Colombian Americans (), are Americans who trace their ancestry to Colombia. The word may refer to someone born in the United States of full or partial Colombian descent or to someone who has immigrated to the United States from Colombia. Colombian Americans are the sixth-largest Latin American group and the largest South American Latino group in the United States.
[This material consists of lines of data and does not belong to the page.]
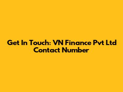 Get In Touch: VN Finance Pvt Ltd Contact Number
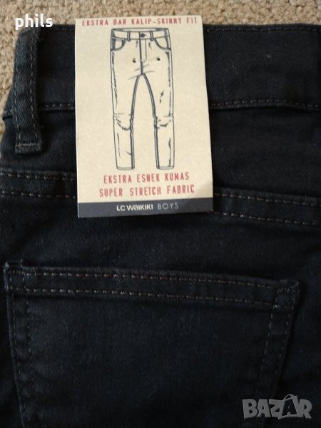 Нови черни памучни дънки за момче на възраст 3- 4 години. Марка LC Waikiki. Подходящи за сезон пролет, ранно лято. Дължина 61 см.по вътрешния ръб 41 см.
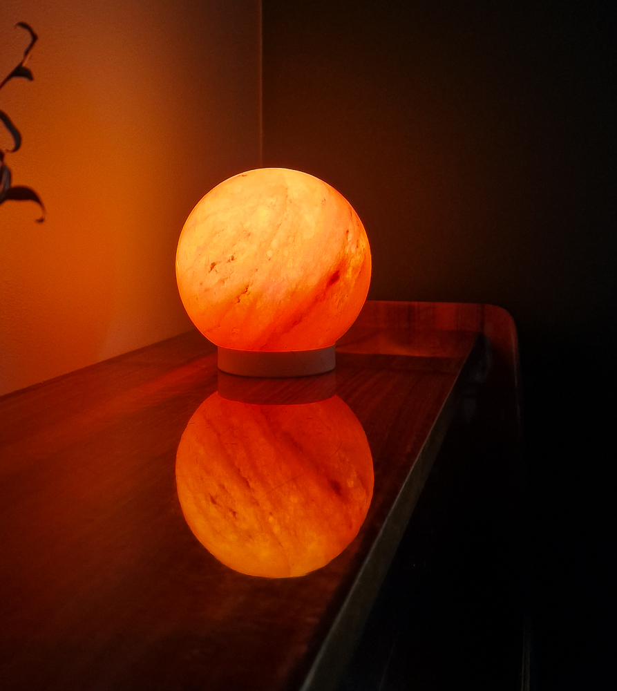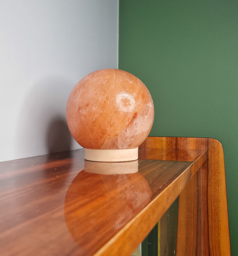 Piękna naturalna lampa sola, wykonana z polskiej soli. Każda kula jest wyjątkowa, z własnym rysunkiem kryształów i smugami w odcieniach różu, brzoskwini i ciepłego koralu.

Many communities throughout the United States have significant Colombian American populations. Florida (916,247) has the highest concentration of Colombian Americans in the United States, followed by New York (461,128), New Jersey (311,277), Texas (148,824) and California (134,929).

History
The first Colombian immigrants who settled in the United States likely arrived in the 1800s. However, the Colombian presence in the United States would not be known with certainty since the U.S. census included all the South Americans that lived in the United States in the "other Latinos" category.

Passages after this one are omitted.